Неизвестно - П.С.Александров. Страницы автобиографии
В. И. Козлинский со своей женой (также художницей) Марианной Михайловной Кнорре, А. Н. Колмогоров и я были хорошими соседями по комаровскому дому и дружно прожили в этом доме 15 лет, до 1950 г., когда доля В. И. Козлинского в нашем совместном домовладении перешла к А. Н. Колмогорову. С этих пор Андрей Николаевич и я стали единственными владельцами этого дома.

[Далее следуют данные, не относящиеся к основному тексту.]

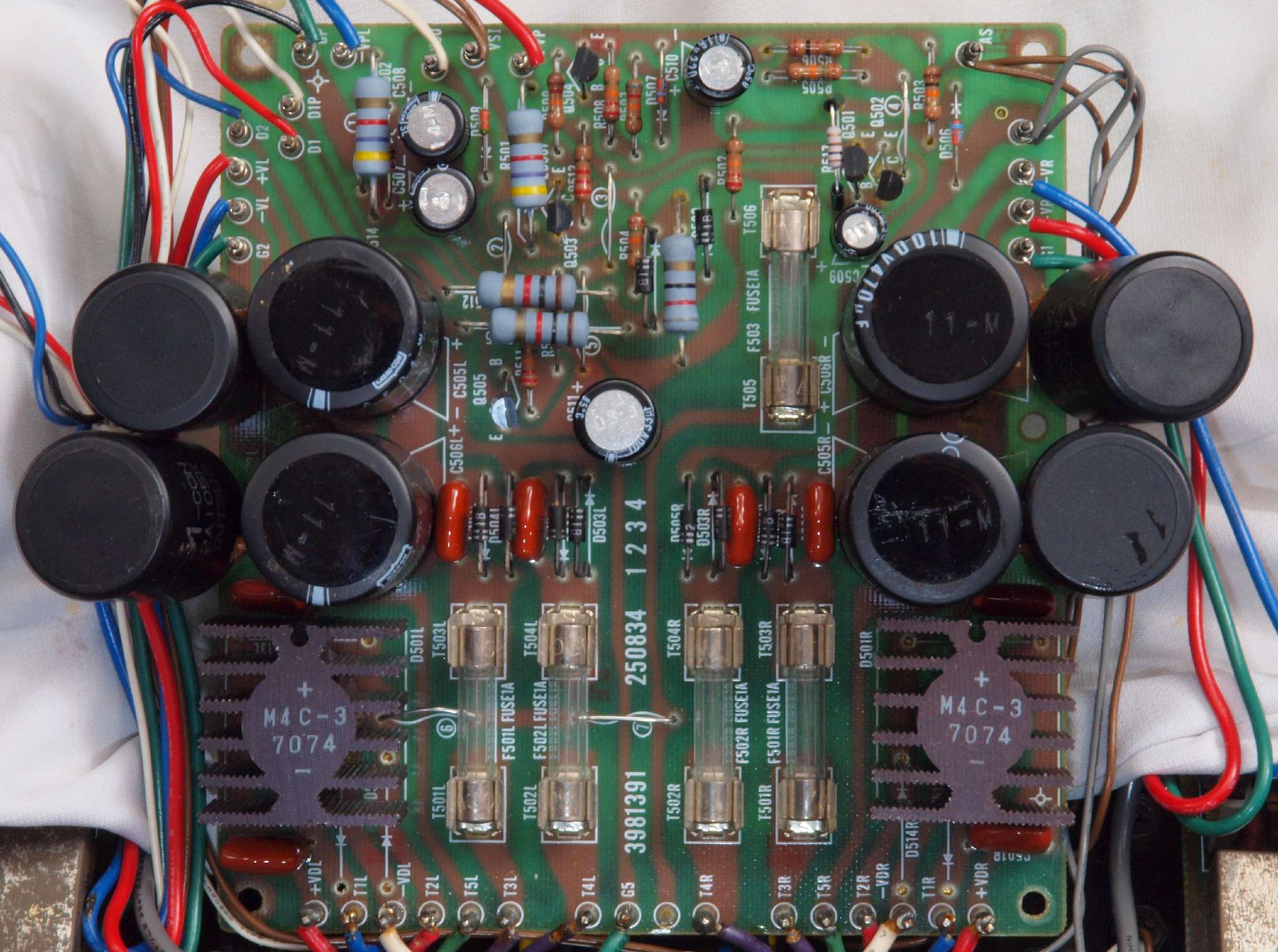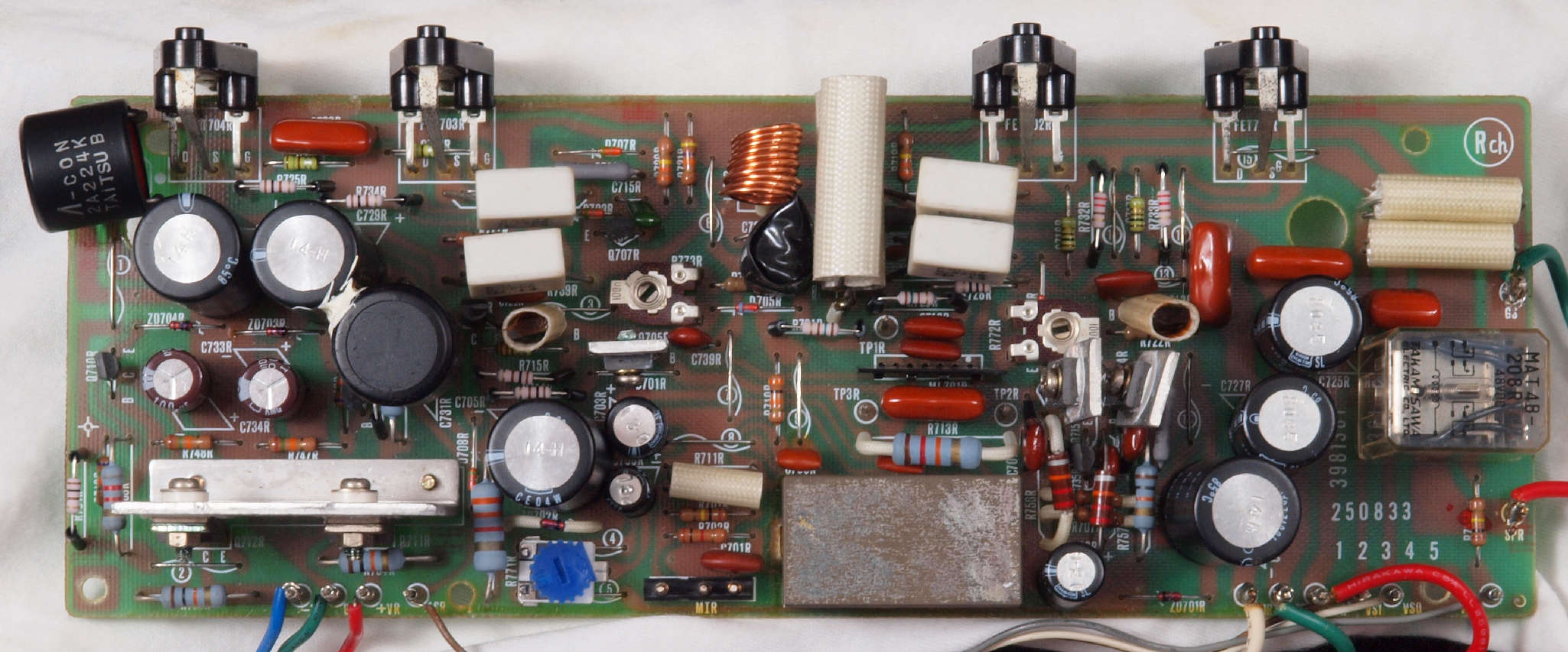 | C12. 修理後 R側ドライブ基板 初段FET、バランス・バイアス調整用半固定VR3個、SP接続リレー交換 ヒューズ入り抵抗全部、電解コンデンサー11個交換。 |

При продаже своего дома Анна Сергеевна Алексеева сохранила за собою право пожизненного пользования одной из его комнат. Однако этим своим правом Анна Сергеевна пользовалась недолго. В 1936 г. она умерла.
Комаровский дом заслуживает того, чтобы ему самому посвятить несколько строк. В одной своей части он был построен в двадцатых, а в другой части — в семидесятых годах XIX столетия Нарышкиными, соответственно Алексеевыми, которые и были тогда его владельцами. К дому имеется летняя пристройка (двухэтажная, как и весь дом), построенная в 1912 г. тоже Алексеевыми. В течение долгого времени в этой пристройке любила
В эпоху приобретения нами комаровского дома Анне Сергеевне Алексеевой было уже 68 лет. В её лице ещё видны были черты большой прежней красоты, в частности черты сходства с её братом К. С. Станиславским. В молодости Анна Сергеевна тоже была артисткой и выступала в Художественном театре под фамилией Алеевой. В 1935 г. уже склонилась к закату её богатая впечатлениями, знакомствами и эмоциями жизнь, про которую в семье Алексеевых говорили, что если бы она была описана под заглавием «Моя жизнь около искусства», то получилась бы книга, не менее интересная, хотя и в другом роде, чем знаменитая книга К. С. Станиславского «Моя жизнь в искусстве». К числу очень близких знакомых Анны Сергеевны принадлежал великий музыкант дирижёр Артур Никиш. На письменном столе Анны Сергеевны до конца её жизни стоял большой портрет А. Никиша с его собственноручной выразительной надписью на немецком языке. А. Никиш умер в 1922 г. В Москве он концертировал в 1913–1914 гг. К этому времени относится и упомянутый его портрет. Однажды сын Анны Сергеевны наигрывал на рояле сцену графини из «Пиковой дамы». Когда он дошёл до знаменитого романса графини, Анна Сергеевна сбоку подошла к роялю и в задумчивости оперлась на него, погрузившись в воспоминания. Ей было о чём вспомнить под звуки этой музыки.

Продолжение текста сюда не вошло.